Deze motie is voorgesteld door de leden Erkens, Bontenbal en Boucke.

Zij krijgt nr. 895 (21501-33).

Dank aan de heer Erkens. Ik schors voor tien minuten en dan gaan we luisteren naar de beantwoording door de staatssecretaris.

De vergadering wordt van 17.00 uur tot 17.12 uur geschorst.

De voorzitter:

Ik geef de staatssecretaris het woord.

Yeşilgöz-Zegerius:

Dank u wel, voorzitter. Dank ook voor alle moties. Het zijn er tien. Gelet op de tijd wilde ik daar maar meteen mee beginnen.

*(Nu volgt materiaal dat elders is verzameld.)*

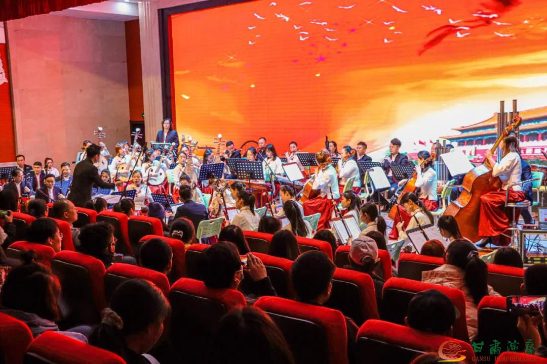 11月27日下午,甘肅演藝集團(tuán)歌舞劇院民族交響樂團(tuán)的演奏家們用一臺(tái)高水準(zhǔn)的中外影視經(jīng)典民族交響音樂會(huì)《歲月留聲》帶領(lǐng)甘肅衛(wèi)生職業(yè)學(xué)院的師生走進(jìn)民樂,回味經(jīng)典。整場(chǎng)音樂會(huì)分上下兩個(gè)篇章,上篇《中國(guó)影視經(jīng)典音樂》、下篇《國(guó)外影視經(jīng)典音樂》,演出由甘肅演藝集團(tuán)歌舞劇院青年指揮家張釗執(zhí)棒。在演奏家們忘我的演奏下,一首首耳熟能詳?shù)挠耙暯?jīng)典曲目仿佛打開了時(shí)光之門,讓師生們?nèi)绨V如醉,意猶未盡,不時(shí)爆發(fā)的掌聲更是表達(dá)著師生對(duì)國(guó)樂的熱愛。音樂會(huì)通過對(duì)經(jīng)典曲目的創(chuàng)造性加工與創(chuàng)新,使中華優(yōu)秀傳統(tǒng)文化歷久彌新。

De motie op stuk nr. 886 is van de heer Thijssen en mevrouw Kröger. Die motie vraagt om tegenover elke positie met betrekking tot Fit for 55 die leidt tot meer CO2-uitstoot, ook een positie te zetten die leidt tot minder CO2-uitstoot. Ik begrijp heel goed wat de indieners hiermee bedoelen. Als ik het zo mag interpreteren dat … Als ik namelijk aan de voorkant bij voorbaat mijn onderhandelingsruimte beperk, dan komen we volgens mij niet waar we willen komen. Dat is namelijk dat we die doelen halen op een manier dat alle Nederlanders het ook goed kunnen meemaken. Ik weet dat de heer Thijssen dat tweede aspect heel erg belangrijk vindt. Als ik 'm zo mag lezen — want daar verschillen we totaal niet van mening — dat waar we ook op uitkomen, we uiteindelijk die 55% niet ter discussie stellen, dat het Europese doel gewoon overeind blijft staan en dat we dat natuurlijk ook met elkaar in de gaten houden … Die borging gebeurt ook door de rapportages van het Europese voorzitterschap. Dat monitort het ook. Het is dus niet dat je aan het einde van de rit uiteindelijk gaat zeggen: jammer, we komen maar tot zoveel procent. Nee, die 55% is helder. Als we het op die manier met elkaar mogen monitoren, zonder dat ik vooraf alle onderhandelingsruimte dichttimmer, dan …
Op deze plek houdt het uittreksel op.